The Warning opened for Yungblud on Sunday night at a sold-out show at The Anthem and delivered a full-length, high-energy set that left no doubt: calling them merely “up-and-coming” undersells what happened on that stage.
The sister trio launched into the night with “More,” then ran through nearly a dozen songs — including “S!ck,” “Escapism,” “Ego,” “Disciple,” “Ritual,” “Sharks,” “Hell You Call a Dream,” “Evolve,” “Kerosene,” and “Automatic Sun.” Daniela Villarreal’s guitar tone cut through The Anthem like a buzzsaw, giving familiar riffs a live bite that the room answered to. By the time they reached the middle of the set the energy had shifted; applause and calls that began as politeness turned into sustained shouts of recognition.
The signal that the opener had crossed from support act to co-star came not from one moment but from accumulation: a sequence of big choruses, a stretched ovation after “Kerosene,” and audible new chants during “Automatic Sun.” Those are the metrics that matter at a packed rock show — not ticket tiers but the fraction of an audience that arrives for the headliner and stays because something else has grabbed them. On Sunday night a noticeable portion of the crowd stayed, listened, and left talking about The Warning.
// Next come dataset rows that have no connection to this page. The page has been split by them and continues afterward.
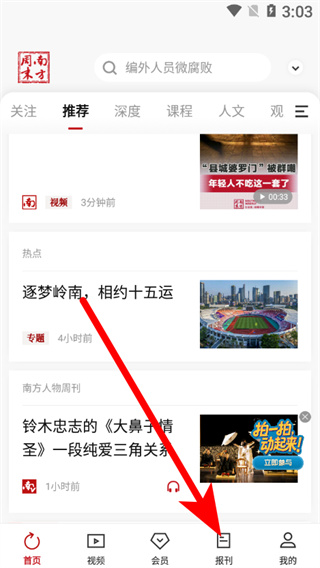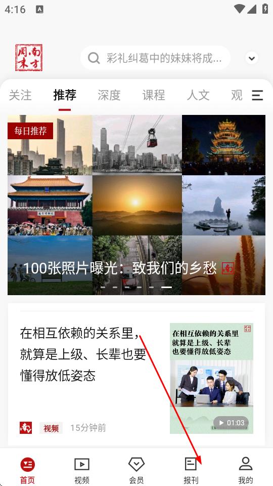 1、打开南方周末App,点击底部导航栏中的报刊选项。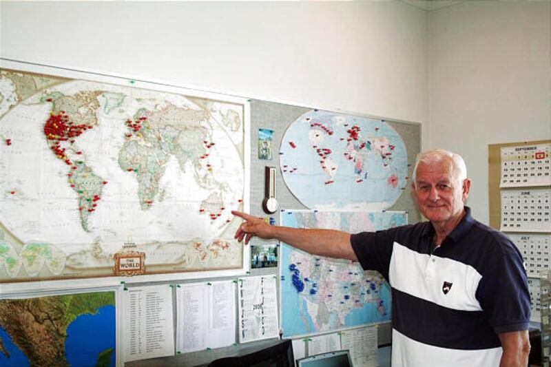 Hansen's office is plastered with huge world maps stuck with multi-colored pins, representing temples he has visited, temples he has not visited and temples that have been announced but have yet to open. The open temples he has yet to visit are in Bolivia, Paraguay and Caracas, Venezuela. He has not been to the Nigerian Temple, which was recently closed.
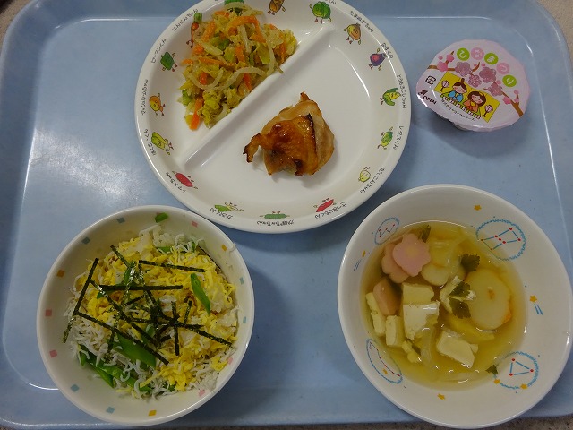 3月1日(金)給食 ・ちらし寿司(米・にんじん・れんこん・しらす干し・卵・さやえんどう・のり) ・鶏肉の照り焼き ・白菜のごまあえ(白菜・キャベツ・にんじん・もやし・ごあm) ・すまし汁(豆腐・かまぼこ・たまねぎ・ふ・みつば) ・ひなまつり桃の花ゼリー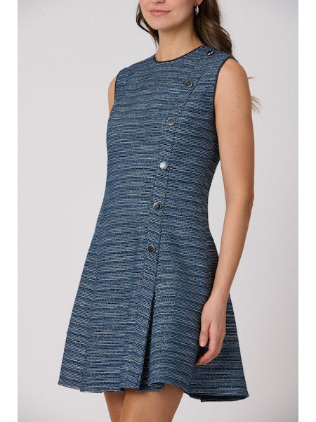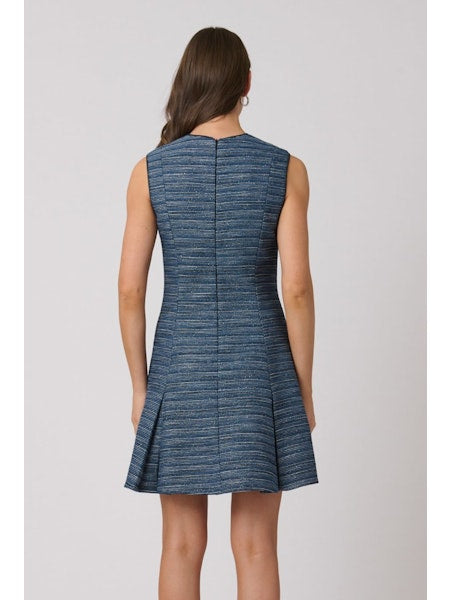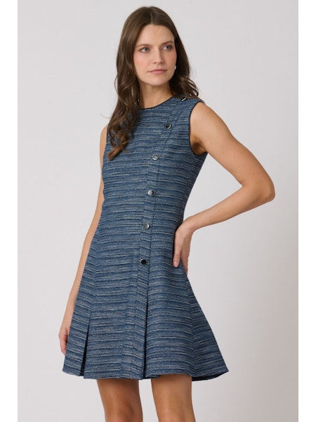 The Gigi Dress is a sleeveless tweed mini dress that combines classic texture with a modern silhouette. Its tailored fit and timeless fabric make it perfect for both casual outings and dressier occasions, offering a chic and versatile addition to your wardrobe.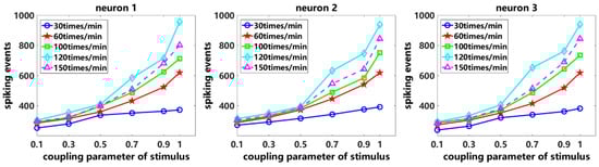 Numbers of neuronal spiking events by varying the coupling parameter of stimulus.

That outcome matters today because it happened at a sold-out yungblud date, giving The Warning maximum exposure to listeners who did not buy tickets for them. Opening for an act with a full house is routine; turning strangers into fans in that environment is not. The band’s set list showed they have the songs and the pacing to carry a room, and the response suggested their fanbase is expanding beyond niche pockets into a live audience that will follow them to their own bills.
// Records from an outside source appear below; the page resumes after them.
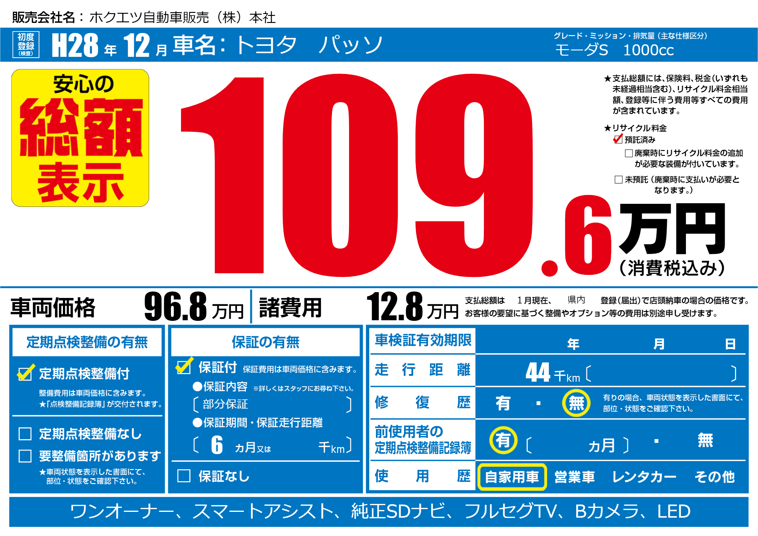 | 車名 | トヨタ パッソ | グレード ミッション 排気量 |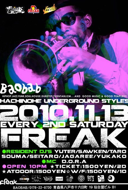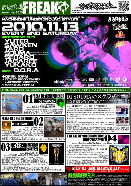★★★★★★★★★★★★★★ 今月のFREAKは、当イベントの紅一点DJのYUKAKOが、久々のスピン!男勝りのplayに注目!そしていつものDJ陣。 FUNK、JAZZ、SOULを多彩に織混ぜ独自のHIPHOP BREAKを繰出すYUTER、TARO! 様々なジャンルをCROSSOVERさせるSAWKEN! 様々なMUSICをターンテーブリズム化する、2009年スクラッチチャンピオンのDJ SOUMA! BREAKBEATSを駆使したダンサブルMUSICのSEITARO! 老若男女問わず対応可能なALL GOOD MUSICのJAGAREE! このメンツにMICで割り込みFREESTYLEをかますD.O.R.A! 今宵もこのメンバーと共に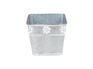 Plechový kvetináč hranatý bordúra kvietok v šedej a bielej farbe 125x125x120mm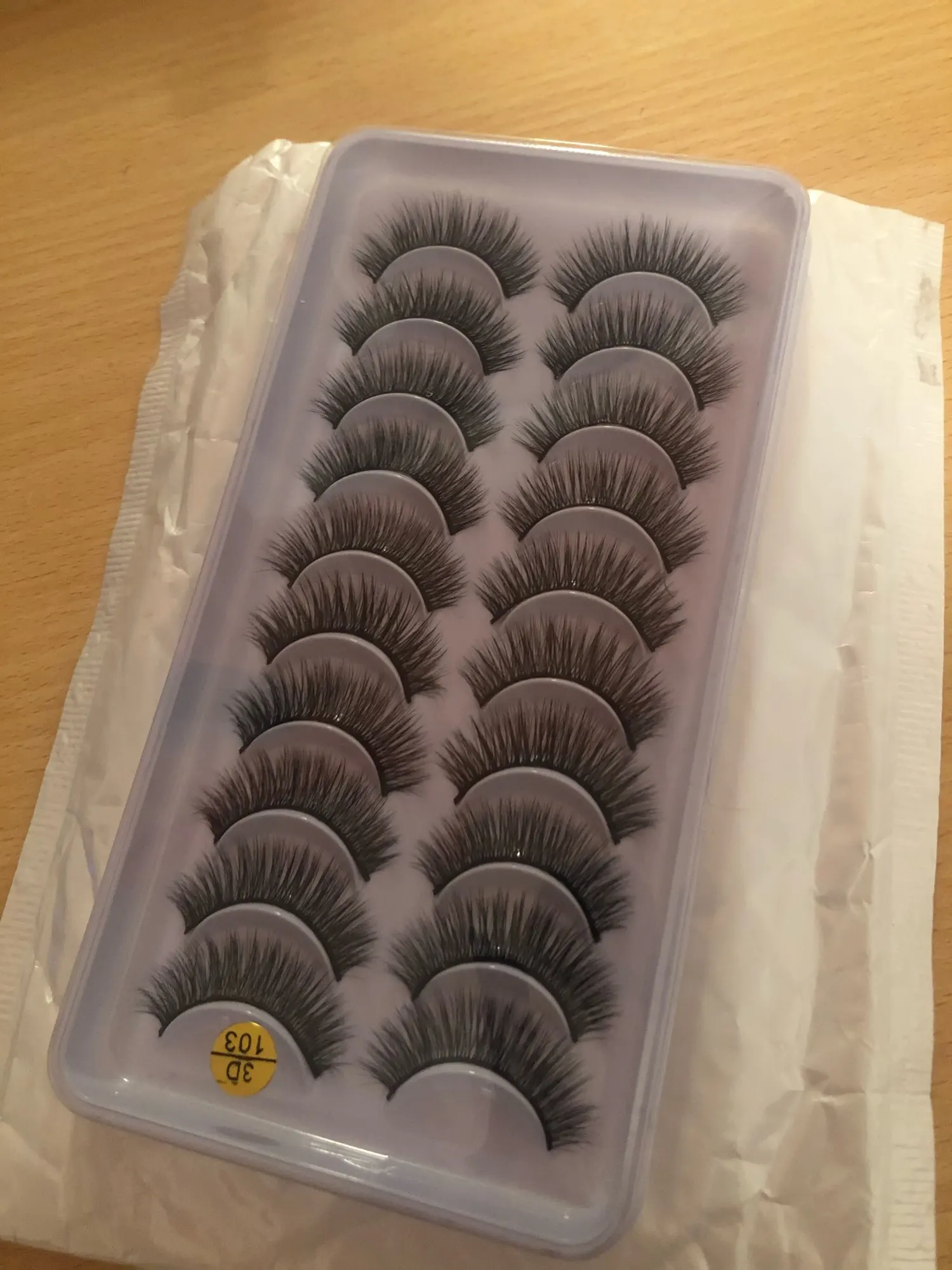товар пришел чуть больше,чем за месяц,никаких задержек по времени не было,положили в почтовый ящик. упаковка целая,реснички не пострадали. они пушистые,единственное...если смотреть на них сбоку,они в 2 яруса,которые не плотно прилегают друг к другу... как будут смотреться пока не могу сказать...

Still, a tension remains between momentum and market reality. The Warning demonstrated they can win over a crowd, but winning over crowds on other bands’ bills is not the same as selling out theaters under your own name. The review of the night makes that friction plain: they drew such a strong response that the label “up-and-coming” feels outdated, yet there is no public schedule in place in the record of this show that confirms the pace at which they will move from high-profile openers to consistent headliners.
That gap is the only honest question left by Sunday’s result. The Warning have the material, the stage command, and the demonstrable ability to convert a sold-out yungblud audience. What remains is logistics — routing, promotion, and timing — the business side that turns reactive applause into ticket sales under their name. Given what happened at The Anthem, those pieces should follow; the most realistic next step is a run of mid-size headline dates where The Warning’s growing fanbase can be measured and amplified on their own terms.
In short: their set at The Anthem was not just a strong opening slot. It was evidence that The Warning have crossed a practical threshold. Promoters and the band’s team can make a case now for headlining tours; the audience reaction from Sunday provides the proof they’ll need to sell them.